I'm not disagreeing at all, and am very suspicious of paper label bottles on the bay.  Some people seem to be very creative when it comes to "aging" them.  On the other hand, the use of beer bottles during the Depression years, which overlapped Prohibition for several years, was not unheard of.  And dating bottles by code seems to be a pretty inexact science.  Another Bob


----------



## thesodafizz (Oct 25, 2008)

My two cents...(and probably more than you wanted to know anyway) : 

 The label states 1939....and claims :Nagel Bev.
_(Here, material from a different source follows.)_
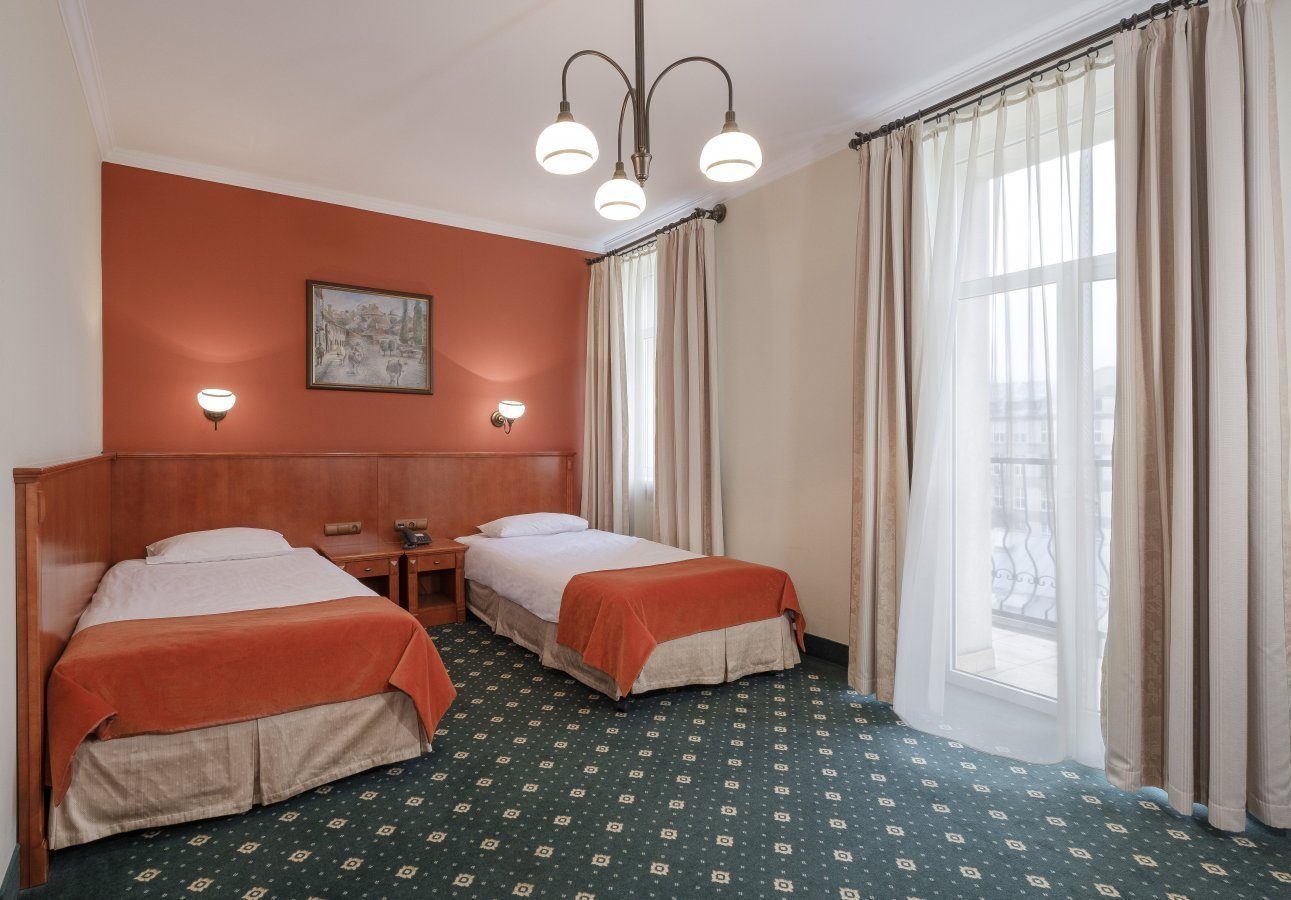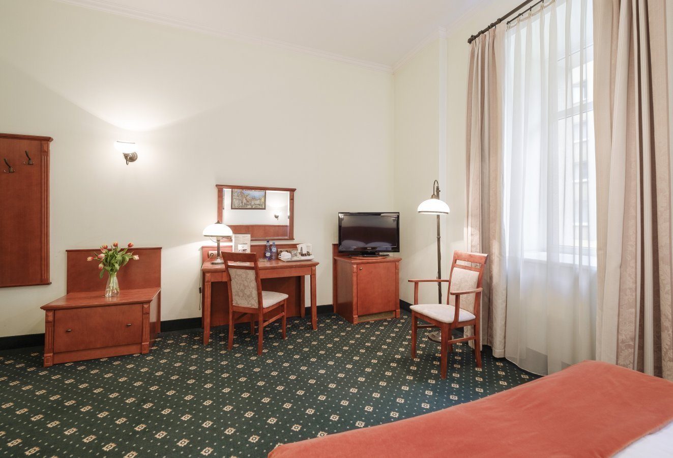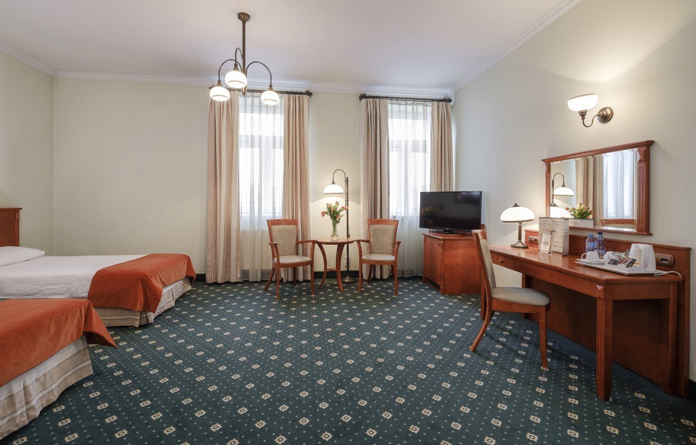 A classically furnished room equipped with air conditioning, a satellite TV, a refrigerator, and a tea and coffee-making set, ensuring a comfortable stay.

Co. in Boise, Idaho......   I don't have info on what years Nagel bottled 7Up (perhaps Dennis Fewliess does - or someone could call and ask - they are still in business, "Since 1895 - for the purpose for bottling soda water to be sold to area saloons - Ph: (208) 475-1250,  NagelBev.com)) and what the bottle looked like they used this label for in 1945.

 I agree with the previous post tho - these labels are easy to get on eBay.  I have gotten a couple of them for real 7Up (embossed on the bottom) bottles that I wanted to label for my own collection, display purposes only (which I haven't done yet, matter of fact, I don't even know where I've put the labels).  This label looks "old," but some dirt (or tea) and a little scuffing on the label can give it that look.  But also, the label fits the size of the bottle well......and altho I have seen the larger bottles, I have never paid any attention to the mold marks on the bottom.  Perhaps I should have.

 A collector (and employee) of Pepsi-Cola has a similar bottle in his collection (pictured, but not for sale), but his is from New Mexico.  His description of it does not give the date, but it states, according to the label, it is from the Howdy Co., 1935, but the bottle most likely is dated later, because he gives base markings as Owens-Illinois with a range of 1929-1954.  (All of Toulouse's dates for Owens-Illinois begin with 1930...?)  The reason I say this is it probably threw him off for the label to say 1939 and the bottle mark perhaps have a later date.....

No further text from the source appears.